To cover the required footprint, we can take advantage of several features of MOSS:
- Access and initialize—The single sign-on and user capabilities of MOSS will effectively provide off-the-shelf access functionality. Initialization can be made extremely easy through the creation of bespoke "sites" representing computation job types. A user can then generate a site representing a project or a job and receive the required configuration of Web parts in order to request, execute, and analyze on a computation job. Additionally, collaboration features such as presence controls and wiki can also be exploited.
- Request and execution—Specific Web forms could be designed to enable parameter input and requests to be made, but a better solution, in terms of capability and flexibility, might be to use Microsoft Office InfoPath. Office InfoPath provides sophisticated Web form capabilities and a well-developed authoring capability. Because it uses XML to maintain the form definition and the data for the form, it is also well-positioned to take advantage of Web services for submission, and the use of Web service enabled workflows to trigger job request approval and job execution. WF itself can be used to define the required approval workflows and is embedded as part of MOSS.
- Analysis—MOSS is also capable of hosting reporting services and Business Scorecard Manager (soon to be PerformancePoint) for dashboard-style reporting. Additionally, Microsoft Office Excel Services can be accessed via MOSS, which makes it an ideal platform for performing the initial analysis.
The main product for monitoring system health is Microsoft Operations Manager (MOM). We can use MOM to monitor the health of the CCS cluster in the same way as for other server environments. In addition, we can provide simple user-monitoring for end users with PowerShell (see Figure 9).
Figure 9. Microsoft Operations Manager can monitor the system health of the CCS cluster.
Finally, we can provide a first-class authoring experience through Visual Studio 2005, some of which is off-the-shelf capability, and some extension (see Figure 10).
Figure 10. Authoring scenario with Visual Studio 2005
Coding is required for authoring activities and algorithms, so that Visual Studio 2005 is an ideal environment for using the .NET Framework to extend the activities or amend the user interface, as well as for using the Microsoft MPI and C++ stacks for the coding of parallel algorithms.
For the development of workflows, Visual Studio 2005 is also the preferred option, although it might not be as suitable for power users as for developers, because of the complexity of the interface. For power users, we have other options:
- Designer rehosting. The entire workflow designer can be rehosted within a Windows Forms application. This application could have a series of specific, cut-down functions to ensure that a power user can easily construct and configure workflow templates. It can also be used to provide some additional quality assurance to the workflow constructs by limiting the activities available to a power user.
- Designer development. Alternatively, because workflow and rule definitions can be described in XAML, an entirely new design surface could be constructed to represent workflow construction.

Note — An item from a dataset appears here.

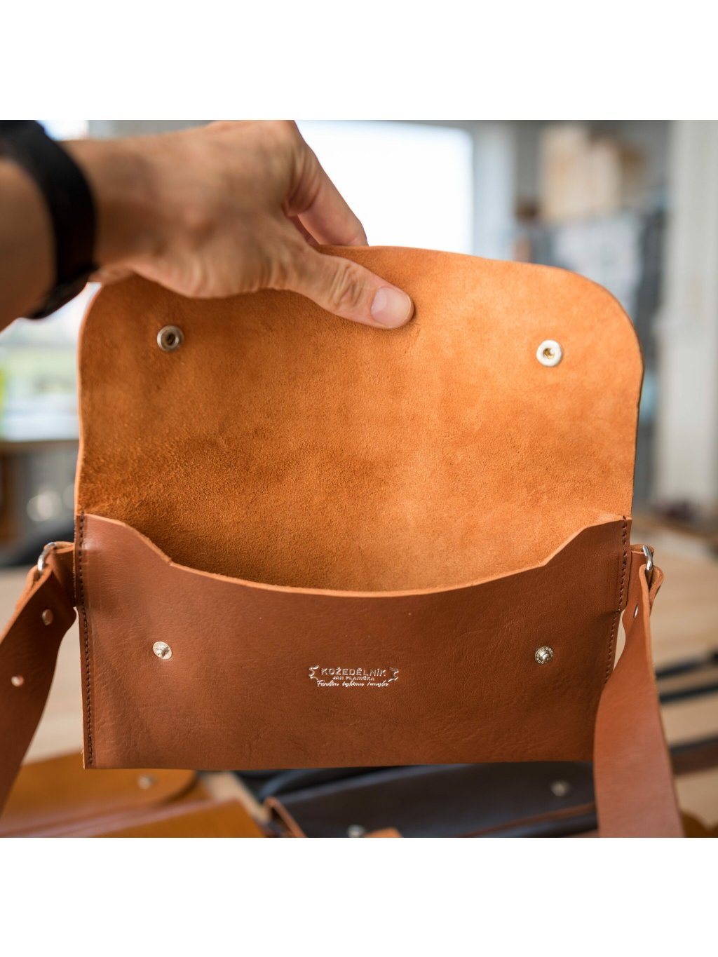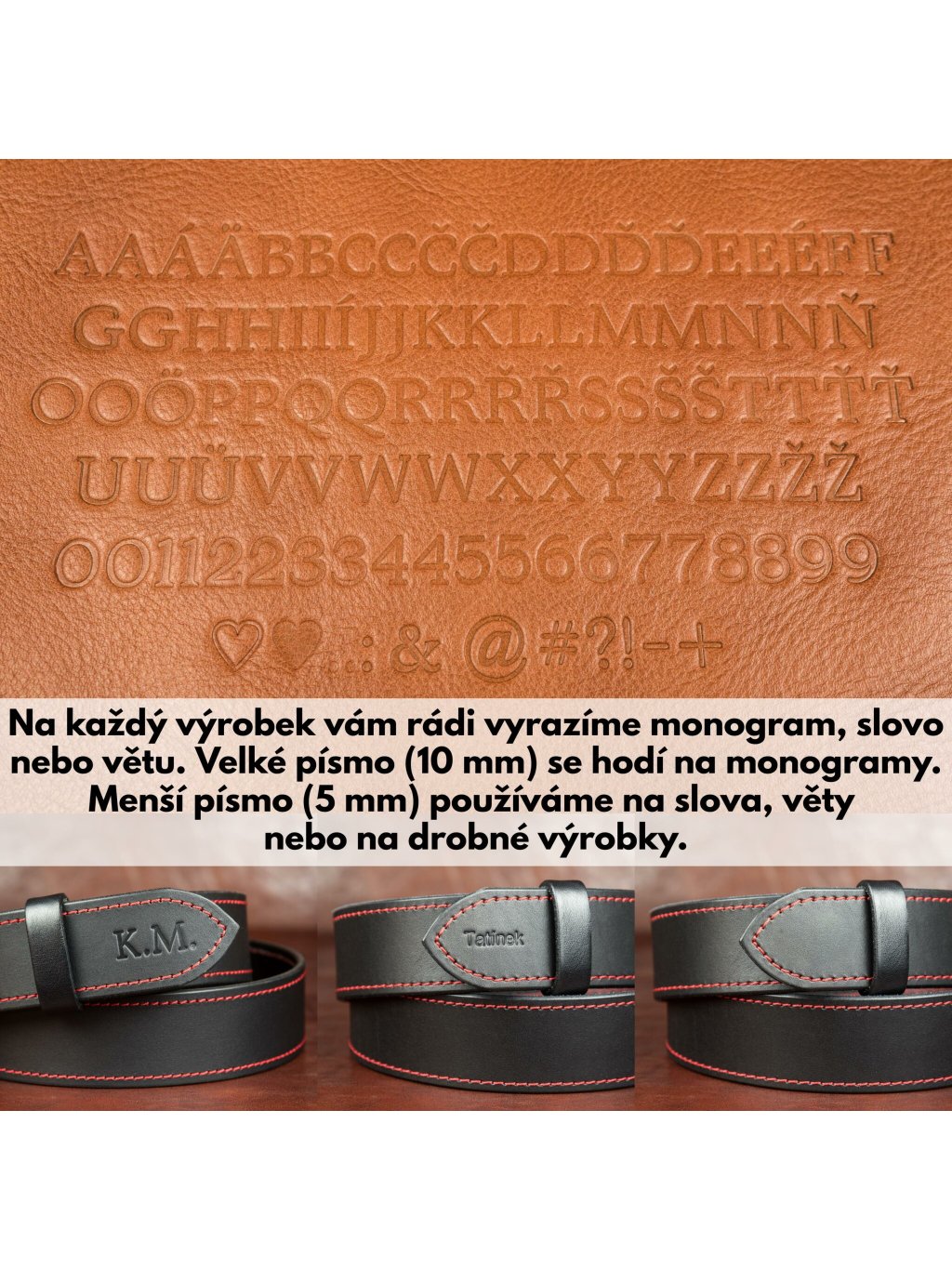 Praktická dámská ledvinka z lícové hovězí usně, vhodná pro každou příležitost – od procházek v přírodě, přes výlety z dovolenkového resortu, až po setkávání s přáteli v nočním městě. Do ledvinky se vejde to nejnutnější, co potřebujete vždy, když vyrazíte ven – mobilní telefon, klíče nebo další drobnosti. Nastavitelný plochý řemínek s nerezovou přezkou zajistí pohodlné nošení u pasu i šikmo přes záda. Zapínání řeší dvojice mosazných druků ve stříbrné nebo zlaté barvě. Oproti fotkám je ražba loga bezbarvá. Parametry: cca 26 cm x 14 cm x 2 cm (šířka x výška x hloubka), valchovaná měkčí 2 mm silná hovězí třísločiněná useň, odolná proti vodě i poškrábání. Popruh široký 3 cm, nastavitelný na cca 80 až 130 cm. Monogram: rádi Vám z ledvinky uděláme podepsaný originál přímo pro Vás. Text razíme viditelně na čelní stranu kabelky, doprostřed mezi druky (foto písmen a varianty najdete v galerii fotek výše) Barevná stálost: Používáme precizně zpracovanou a certifikovanou třísločiněnou useň z evropských koželužen. Kůže=useň je ale stejně jako třeba dřevo přírodní materiál a ne žádná plastová koženka, takže používáním obvykle patinuje a některé druhy a barvy kůží mohou být trochu náchylnější k otěru a šmouhám na světlém oblečení. Jde o vlastnost prémiového přírodního materiálu a je dobré to nejdříve při nošení vyzkoušet.

A new design surface is a great option for a domain that has a particular way of diagramming processes or where other hosting options are required—for example, making use of Windows Presentation Foundation or AJAX capabilities of the Web. The Further Resources section contains a link to an ASP.NET AJAX implementation of the design surface.
From a development perspective, we can effectively consolidate all platform development into one environment, and specialize certain aspects through the use of XAML for the definition of workflows. The use of XAML also presents opportunities for publishing.
In the case of activities and algorithms, the publishing paradigm is effectively a software release, as binaries must be distributed accordingly; although, because of the very specific software that is being generated, a distribution mechanism could be built to specifically retrieve the libraries as required.
The Microsoft ClickOnce technology might also be worth investigating for the distribution of a "thick-client" power-user authoring application for automating library updates.
In the case of workflow authoring, publishing could be as simple as transmitting the resulting XAML definitions to a central database and cataloging these definitions. The workflow can be retrieved from the same database by an end user—or simply invoked as the result of a selection on a user interface—and then compiled and executed as required. Described in the next section, implementing this concept means new workflows could potentially be published very quickly, because no code release is required; therefore, there are no release-cycle or administrative requirements.
This capability could be provided as part of a bespoke power-user application, or as an add-in to Visual Studio 2005.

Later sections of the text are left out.